2.2. Metagenomic library output

The 454 pyrosequencing returned 69,162 reads of DNA sequence, which contained 13,669,562 bp of DNA with a fragment size range of 32-404 bp using ¼ of a sequencing picotitre plate (85% of the sequences were >100 bp and > 51% of the sequences were between 200 – 250 bp, Supplementary Table 1). The DNA sequence reads were used directly for downstream analysis, and not assembled as contiguous sequences. The mosaic nature of viruses, particularly bacteriophage genomes [38], is such that subjecting the sequence data to conventional assembly of contigs would be inappropriate. Consequently, pre-packaged bioinformatic tools and computational approaches were applied to unravel the population structure and function of the viral metagenome sample. The methods used here for the prediction of identities from the metagenomic sequence data were largely automated, involving the use of MEGAN [39] and MG-RAST[40] coupled with BLAST [41] for the comparison of this viral metagenome against the non-redundant viral genome [42] and SEED databases (which uses a non-redundant database) [43].

2.3. Post-pyrosequencing analyses

Using MG-RAST, sequences were screened for ribosomal RNA genes using BLASTn against the rRNA gene databases, which were extracted from Greengenes [44] the Ribosomal Database Project (RDP) [45] and the European Ribosomal Database Project (ERDP) [46] using cutoff parameters requiring similarity >5 bp in length and an expect value of less than 1 x 10-5[40]. Of the 69,162 sequences generated, 18,931 (27.37%) were classified (the SEED database assigns a metabolic potential to these sequences) and 50,231 (72.6%) were unclassified (the SEED database fails to assign a potential function to these sequences. Two of the 69,162 sequences possessed homology (Table 2) to SSU rRNA . The first SSU rRNA sequence (254 bp in length) was 97% identical to Dechloromonas, a member of the betaproteobacteria and further BLAST analysis of these sequences only identified organisms isolated from freshwater environments (e.g. accession numbers DQ450182 and DQ22839). The second SSU rRNA sequence (243 bp in length) possessed 95% identity to an unclassified member of the Bacteriodetes. It cannot be ruled out at this point that bacteriophages do not acquire portions or intact copies of SSU rRNA molecules [47], but additionally the low numbers of identified SSU rRNA sequences were below the level of detection by PCR amplification and indicate that the viral metagenomic library was at least heavily enriched for non-cellular DNA.

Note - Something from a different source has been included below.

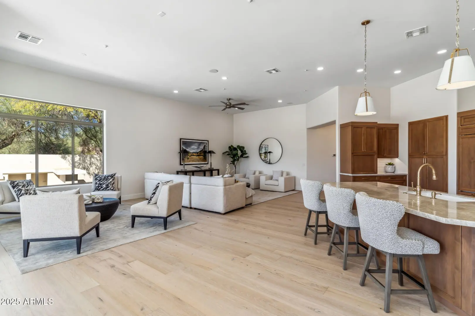 ROOF UNDERLAYMENT REPLACED FEB 2025 WITH 15-YEAR TRANSFERABLE WARRANTY | SMART HOME PRE-WIRE (2024) *See documents tab for full list of improvements* Welcome to this beautifully curated residence in the prestigious, guard-gated Talon Retreat at Grayhawk, where thoughtful design meets modern luxury. From the moment you enter, you'll notice the seamless blend of sophistication and comfort, highlighted by European White Oak hardwood flooring throughout the main living areas and bedrooms, complemented by designer tile in the bathrooms. The open-concept floor plan was designed with both everyday living and entertaining in mind. The chef's kitchen is a true showpiece, featuring custom cabinetry, Taj Mahal quartzite countertops, and a premium appliance suite including a Wolf 36'' gas rang

2.4. Functional analyses of the virome

Gene transfer undoubtedly occurs in the natural environment, however the scale of the process and the implications for the evolution of the virus and its host organism is poorly understood [25]. Horizontal gene transfer of biochemically important genes from host to virus, virus to host and so on, will ultimately shape the microbial biosphere.
Table
Table 2. MG-RAST sequence classification.
Table 2. MG-RAST sequence classification.
SSU rRNA homology (%) RDP/ERDP/GREENGENESProtein Based (%)(SEED database*)
Archaea01.99
Bacteria0.0241.71
Eukaryota03.10
Virus051.25
Other00.02
*Used to determine the metabolic profile of the metagenome.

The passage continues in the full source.